Tim peneliti dari Massachusetts Institute of Technology (MIT) di Amerika Serikat mungkin bisa memberikan cara terdekat untuk mewujudkan mimpi tersebut. Mereka menggunakan kecerdasan buatan (AI) untuk meniru percakapan yang terdengar alami.
Teknologi di Balik Chatbot Masa Depan
Para peneliti menggunakan model GPT-3.5 yang dikembangkan oleh perusahaan OpenAI dan meminta peserta studi menjawab serangkaian pertanyaan tentang kehidupan mereka, pengalaman masa lalu, dan aspirasi mereka. Sistem ini kemudian menciptakan “latar belakang pengguna” yang juga disebut oleh penulis studi sebagai “memori sintetis”.
Misalnya, seorang pengguna mungkin bercita-cita menjadi guru biologi di sekolah menengah. Chatbot masa depan AI ini bisa menceritakan “momen berkesan” saat membawa siswa “berkunjung ke cagar alam setempat”.
Para peneliti MIT memanfaatkan konsep “future self-continuity”, sebuah konsep dari ilmu perilaku yang menyatakan bahwa individu yang merasa memiliki hubungan kuat antara diri mereka saat ini dan di masa depan cenderung membuat keputusan yang menguntungkan kesejahteraan jangka panjang mereka, baik itu dalam hal keuangan, pendidikan, atau kesehatan.
“Manusia sering kesulitan membayangkan diri mereka di masa depan dengan jelas. Keterbatasan ini dapat menyebabkan bias kognitif yang dikenal sebagai ‘temporal discounting’ yang pada gilirannya membuat orang lebih memprioritaskan imbalan langsung daripada manfaat jangka panjang,” kata Ivo Vlaev, profesor ilmu perilaku di University of Warwick di Inggris, kepada Euronews Next melalui email.

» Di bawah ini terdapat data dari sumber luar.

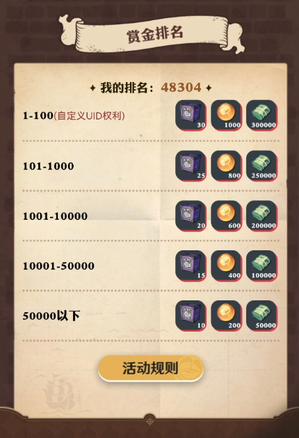 12月15日起,预创角活动页面开放自定义UID专属入口,赏金榜排名前100的船长们可进入后自定义UID~专属入口当日23:59就会关闭,赏金Top100的船长注意时间哦~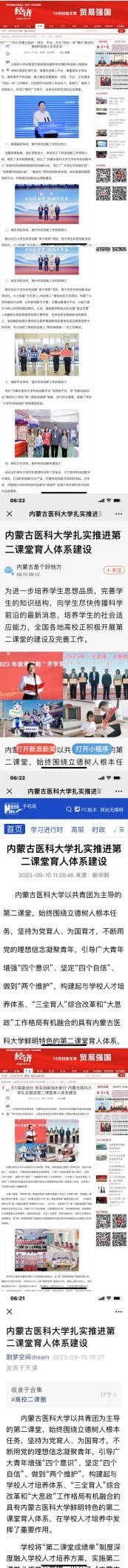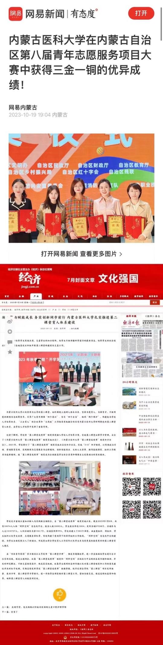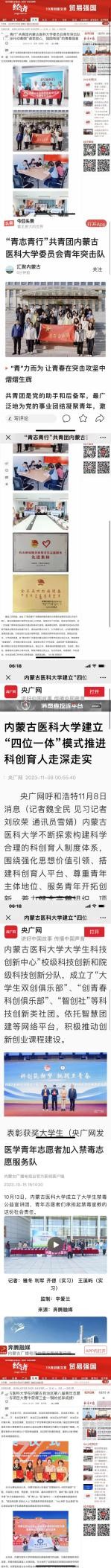 2023年,内蒙古医科大学共青团科创育人、第二课堂育人、青年突击队、实践育人、理论宣讲、志愿服务等工作取得的成效得到央广网、经济网、网易、新华网、团中央融媒体团建头条、今日头条、奔腾融媒等多家中央级媒体和自治区主流媒体的报道。

Chatbot yang dibuat oleh peneliti MIT, yang mencakup gambar profil yang diubah untuk menampilkan peserta dengan versi diri mereka yang berusia 60 tahun, mampu mengurangi temporal discounting.
“Saat orang berinteraksi dengan versi digital yang lebih tua dari diri mereka, itu bisa membuat masa depan terasa lebih nyata dan mendesak, sehingga mengurangi jarak psikologis antara diri saat ini dan masa depan,” tambah Vlaev.
Dalam makalah pra-cetak yang belum ditinjau oleh rekan sejawat, tim MIT menguji aplikasi mereka pada 344 orang berusia antara 18 dan 30 tahun. Mereka mengamati bahwa “pengguna melaporkan penurunan kecemasan” setelah berbicara dengan diri digital mereka yang lebih tua serta penurunan “emosi negatif” atau perasaan tidak termotivasi.
Meskipun penelitian lebih lanjut diperlukan untuk mengetahui lebih banyak tentang hasilnya, Vlaev mengatakan bahwa efektivitas kemungkinan besar bergantung pada kemampuan chatbot untuk terdengar otentik.
“Penggunaan gambar yang diubah secara digital adalah sentuhan cerdas, karena memvisualisasikan diri di masa depan dapat lebih meningkatkan rasa kontinuitas dan realisme,” katanya.
“Namun, tidak jelas apakah orang telah melakukan sesuatu yang berbeda, mengubah perilaku mereka, sebagai hasil dari berinteraksi dengan diri mereka di masa depan,” catat Vlaev.
Para peneliti mencatat dalam bagian pertimbangan etis studi bahwa perlu berhati-hati terhadap konten yang dihasilkan AI yang dapat mendukung perilaku negatif atau berbahaya.